GOFFSTOWN, N.H. — Killing time before Mitt Romney’s campaign rally here this week, GOP activist Paul Clark shared the story of how some tea party activists in the crowd had assured him that they would vote for the presumptive GOP nominee come Election Day.
But, the 78-year-old Republican said, they struck a different tune when he urged them to assume a more active role in the Romney campaign.
“The guy says, ‘Well, you know, I don’t know about that,” Mr. Clark told The Washington Times.
The episode could spell trouble for Mr. Romney, who easily won New Hampshire’s Republican primary, but has struggled to generate the sort of on-the-ground energy in tea party circles that inspired the door knocking and phone banking that helped propel Republicans to a slew of victories in the 2010 election.
“The grass-roots tea party activists are not enthusiastic about presumptive nominee Mitt Romney,” said Cynthia Howard, founder of the Claremont New Hampshire Citizens for Lower Taxes, a tea party group.
This year, the tea party has shown its naysayers that it is still a force to be reckoned with in American politics. They played a key role in Indiana, where state Treasurer Richard Murdouck ousted Sen. Richard G. Lugar in the GOP primary. They also scored a major victory last month in the Texas primary contest, when Ted Cruz, a former state solicitor general, defeated Lt. Gov. David Dewhurst, the choice of the party establishment.
Many tea partyers see Mr. Romney as the establishment pick and view his record with suspicion — thanks to his support for No Child Left Behind that dramatically expanded the federal government’s role in education, the 2008 Wall Street bailout and the universal health care law he signed in Massachusetts. Highlighting his support of the Patriot Act and the National Defense Authorization Act, they also question his commitment to protecting civil liberties.

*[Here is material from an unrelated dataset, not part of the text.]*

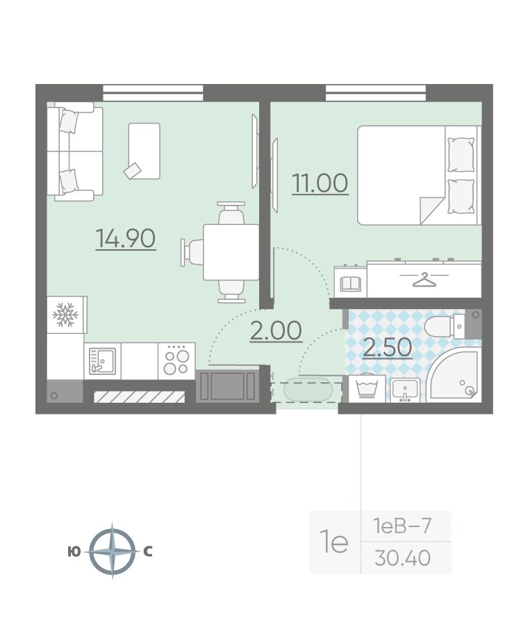 Продается 1-комнатная квартира в ЖК "ЛСР. Ржевский парк" на 11 этаже. Общая площадь составляет 30.90 кв. м. Квартира с чистовой отделкой. Жилой комплекс "ЛСР. Ржевский парк" располагается по адресу Ленинградская область, Всеволожский район, Ковалёво пос..

Mr. Romney has tried to reach out to conservative grass-roots activists, attending the annual Americans for Prosperity New Hampshire dinner. He also brought on Chris Wood, a veteran activist who served as coalitions direction for Rep. Ron Paul’s 2012 campaign in the state, to lead grass-roots outreach efforts.
With less than 80 days to go before the election, the tricky part for Mr. Romney is that even when he embraces the tea party, such as he did this week by saying the Federal Reserve should face an audit, some still see it as too little, too late.
Similar doubts dogged his appearance at a tea party event last year in nearby Concord, N.H., which sparked a rift between tea party factions over whether his attempts to align himself with the movement were genuine.
“If every political opportunist claiming to be a tea partyer is accepted unconditionally, then the tea party brand loses all meaning,” Matt Kibbe, president of Freedomworks, warned at the time in a news release.
Mr. Kibbe has since softened his tone toward Mr. Romney.
“[Tea partyers] are not ecstatic about Romney and they probably never will be, but the attitude now has shifted to how do we get Barack Obama out of office,” he said, arguing that his selection of Mr. Ryan as a running mate is a move in the right direction.
Jane Aitken of the New Hampshire Tea Party Coalition disagreed, saying that on top of supporting TARP and NCLB, Mr. Ryan also voted for the taxpayer bailout of General Motors and Chrysler. “He is being billed as being the conservative, but is that record conservative?” she said.
Whatever the case, Ms. Aitken said the Romney candidacy has generated an “an internal battle” within the movement in the Granite State.
“There are people saying, ‘You have to vote Romney because he is not Obama,’ but then you have people saying, ‘You shouldn’t reward his campaign’s bad behavior and his lack of conservatism — this is how you are controlled by the two party system.”
“Even people who are resigned to the fact that they may end up having to vote for Romney, they never argue ‘vote for Romney because he stood strong on issue X, Y, and Z’. It is always ‘vote for Romney because he is not Obama,’” she said.